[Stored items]
══════════

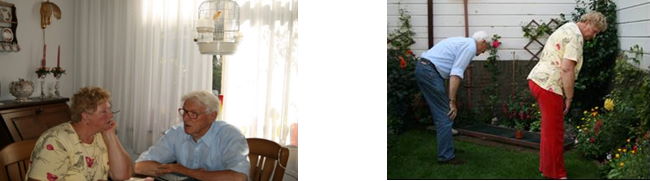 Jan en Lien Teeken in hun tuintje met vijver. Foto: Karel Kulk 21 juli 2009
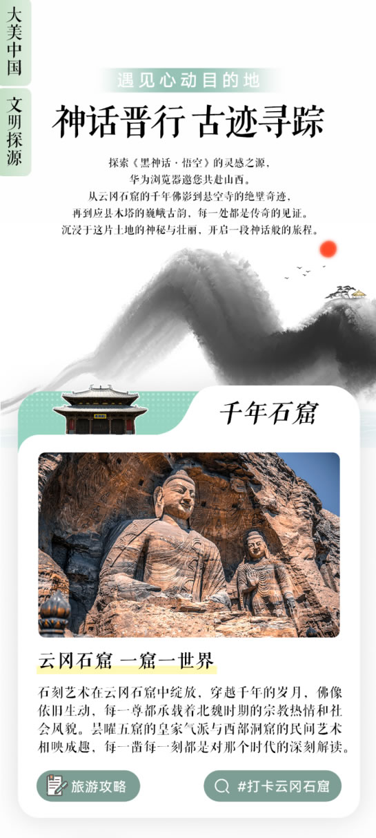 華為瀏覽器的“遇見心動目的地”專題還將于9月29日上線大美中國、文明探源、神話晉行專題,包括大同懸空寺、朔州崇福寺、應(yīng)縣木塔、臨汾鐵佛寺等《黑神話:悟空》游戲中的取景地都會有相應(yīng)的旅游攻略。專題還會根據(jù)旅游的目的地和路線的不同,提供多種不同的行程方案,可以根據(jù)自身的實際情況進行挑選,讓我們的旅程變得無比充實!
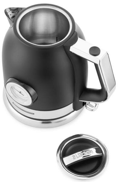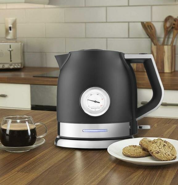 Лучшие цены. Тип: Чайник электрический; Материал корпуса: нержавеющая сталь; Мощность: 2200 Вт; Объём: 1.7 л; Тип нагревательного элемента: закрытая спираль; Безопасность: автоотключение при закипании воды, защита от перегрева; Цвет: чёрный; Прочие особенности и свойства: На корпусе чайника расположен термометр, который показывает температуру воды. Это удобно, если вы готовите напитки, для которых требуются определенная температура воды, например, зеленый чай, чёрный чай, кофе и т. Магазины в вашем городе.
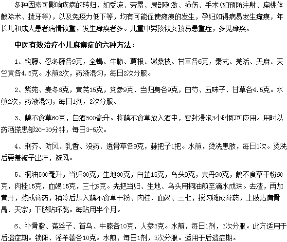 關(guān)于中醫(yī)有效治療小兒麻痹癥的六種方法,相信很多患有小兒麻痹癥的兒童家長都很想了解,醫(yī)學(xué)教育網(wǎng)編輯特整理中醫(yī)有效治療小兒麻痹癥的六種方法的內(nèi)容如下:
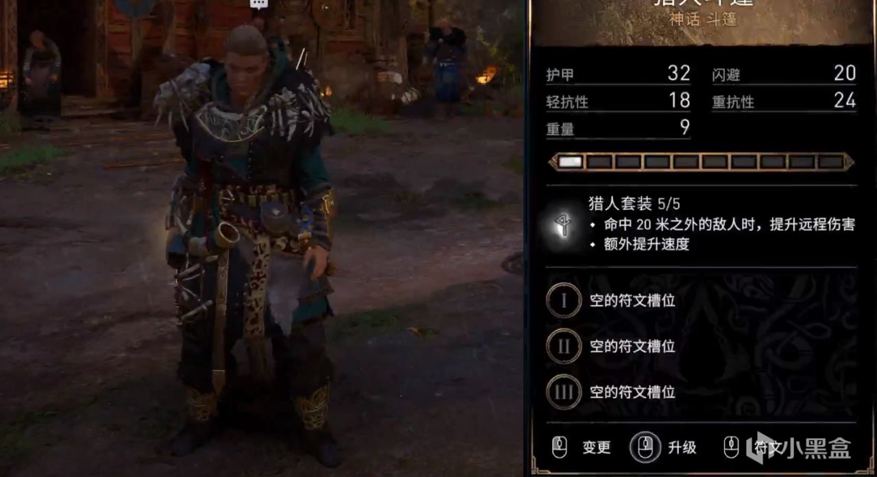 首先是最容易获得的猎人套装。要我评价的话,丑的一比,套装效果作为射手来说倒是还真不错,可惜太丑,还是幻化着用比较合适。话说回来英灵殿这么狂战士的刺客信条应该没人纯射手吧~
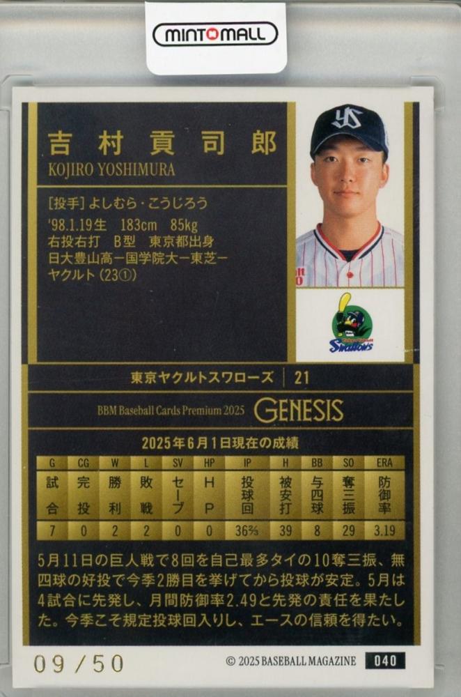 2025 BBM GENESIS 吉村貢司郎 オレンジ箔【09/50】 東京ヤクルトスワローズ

══════════

Lines from the one with "Лучшие цены. Тип: Чайник" through the final line of the records are the whole answer; print them exactly, minus any pictures.

 Лучшие цены. Тип: Чайник электрический; Материал корпуса: нержавеющая сталь; Мощность: 2200 Вт; Объём: 1.7 л; Тип нагревательного элемента: закрытая спираль; Безопасность: автоотключение при закипании воды, защита от перегрева; Цвет: чёрный; Прочие особенности и свойства: На корпусе чайника расположен термометр, который показывает температуру воды. Это удобно, если вы готовите напитки, для которых требуются определенная температура воды, например, зеленый чай, чёрный чай, кофе и т. Магазины в вашем городе.
 關(guān)于中醫(yī)有效治療小兒麻痹癥的六種方法,相信很多患有小兒麻痹癥的兒童家長都很想了解,醫(yī)學(xué)教育網(wǎng)編輯特整理中醫(yī)有效治療小兒麻痹癥的六種方法的內(nèi)容如下:
 首先是最容易获得的猎人套装。要我评价的话,丑的一比,套装效果作为射手来说倒是还真不错,可惜太丑,还是幻化着用比较合适。话说回来英灵殿这么狂战士的刺客信条应该没人纯射手吧~
 2025 BBM GENESIS 吉村貢司郎 オレンジ箔【09/50】 東京ヤクルトスワローズ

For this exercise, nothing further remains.